The take home message : A high-protein diet that contains little or no high GI carb sources, and that meets the demand of being at least 20% over maintenance (around 18 kcals per pound of bodyweight, but that is just an estimate).
The actual cycle
Now we need to put the cycle together. Below I will outline one good way to use these products and then offer some explanations to my reasoning. I will also already include the post-cycle regimen, eventhough we will discuss that at a later point in time.
Week 1-12 : Testosterone enanthate / cypionate 400-500 mg/week
Or : Testosterone propionate 150 mg every other day
Week 1-2 : Boldenone Undecylenate 600-800 mg/week
Week 3-12 : Boldenone Undecylenate 300-400 mg/week
Week 6-13 : Stanozolol 50-100 mg/day
Week 12-14 : HCG 3000/3000/1500/1500 IU / 5days
Week 12-17 : Tamoxifen Citrate 20 mg/day
Week 14-15 : Clomiphene Citrate 100 mg/day
Week 16-17 : Clomiphene Citrate 50 mg/day
Week 14-15 : (Spironolactone) 50 mg/day
Week 7-18 : Beta-adrenergic mix with eph as described.
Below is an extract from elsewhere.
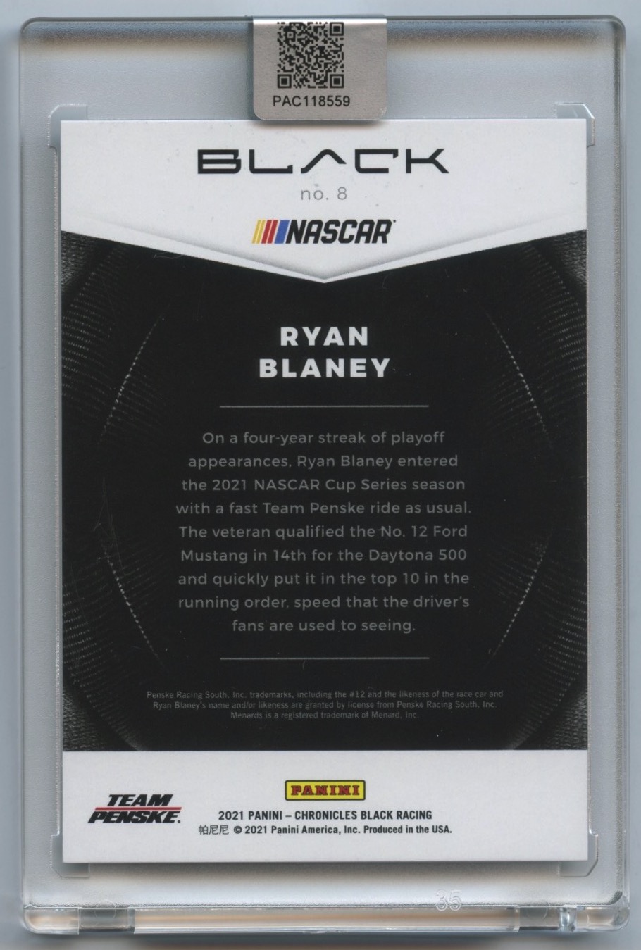 Ryan Blaney Signed 2021 Panini Chronicles Black #8 (PA Encapsulated)
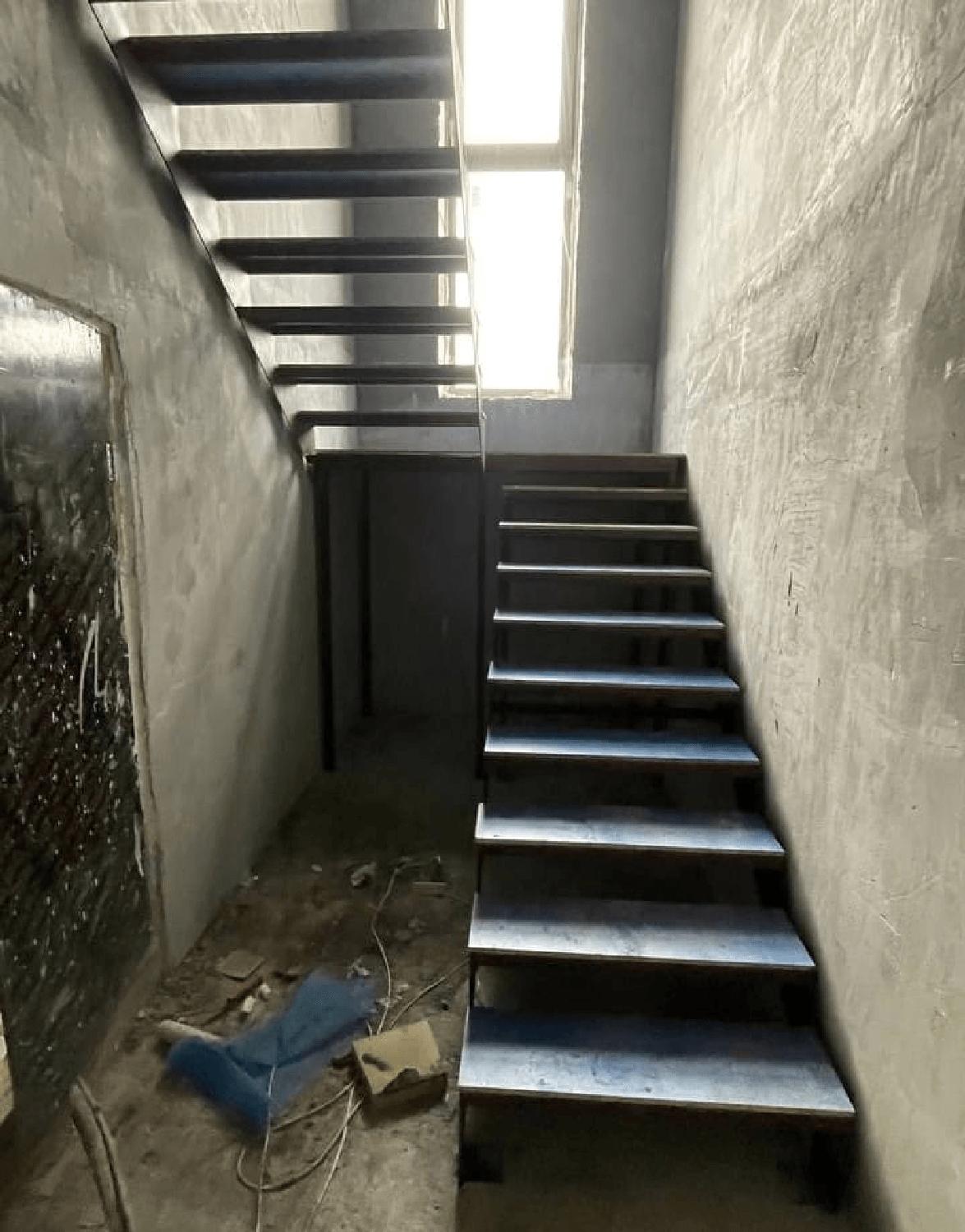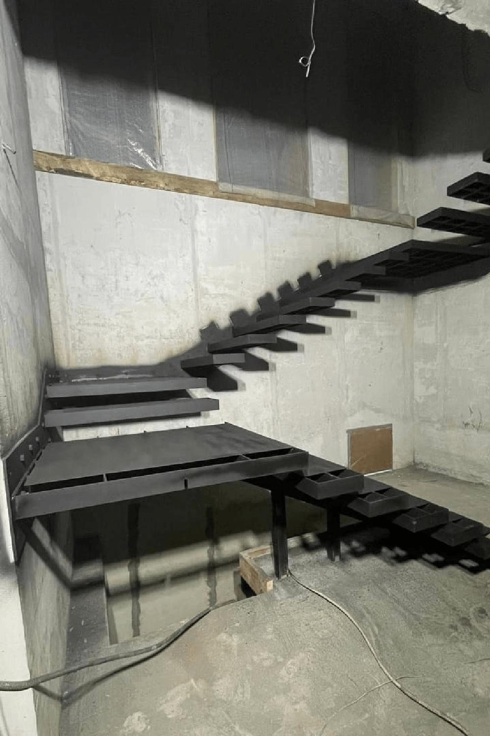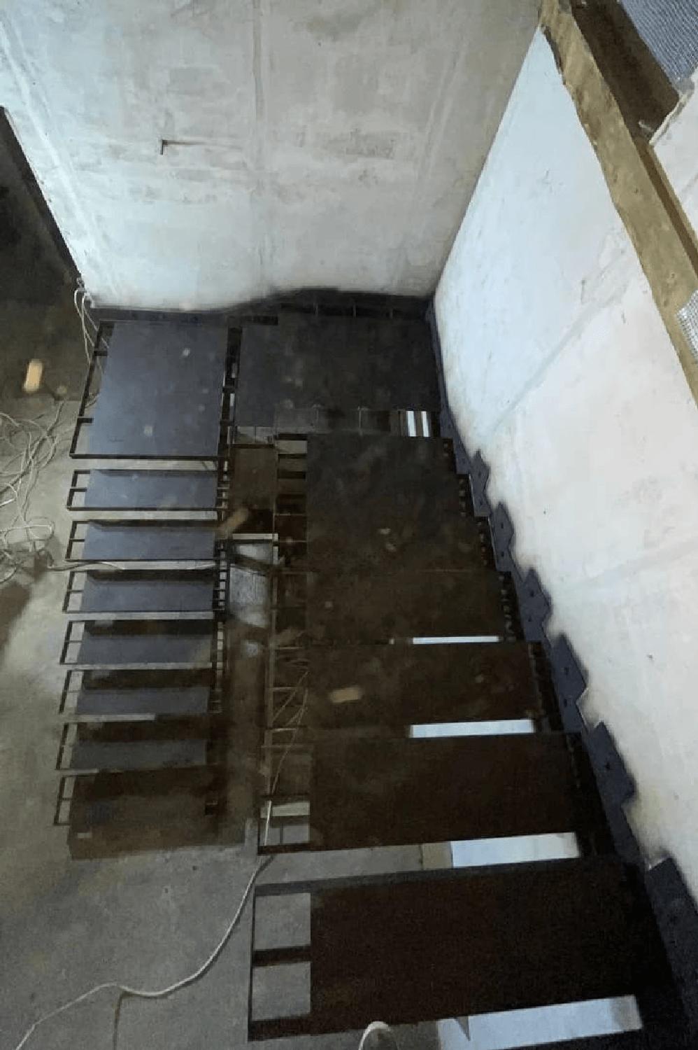 Металлический каркас лестницы закрытого типа из листа металла 6 мм.

You may notice the dose of boldenone is larger the first two weeks, that’s because longer esters tend to need some time to accumulate before showing their best effects, and by front-loading with a higher dose, we can achieve accumulation faster and see results sooner. I ran the stanozolol a week longer in this example, which should be fine considering it would take at least 2 weeks after the cycle to clear all boldenone, so the stanazolol beyond this point should cause no further suppression.
The patterns for post-cycle will be discussed at a later time.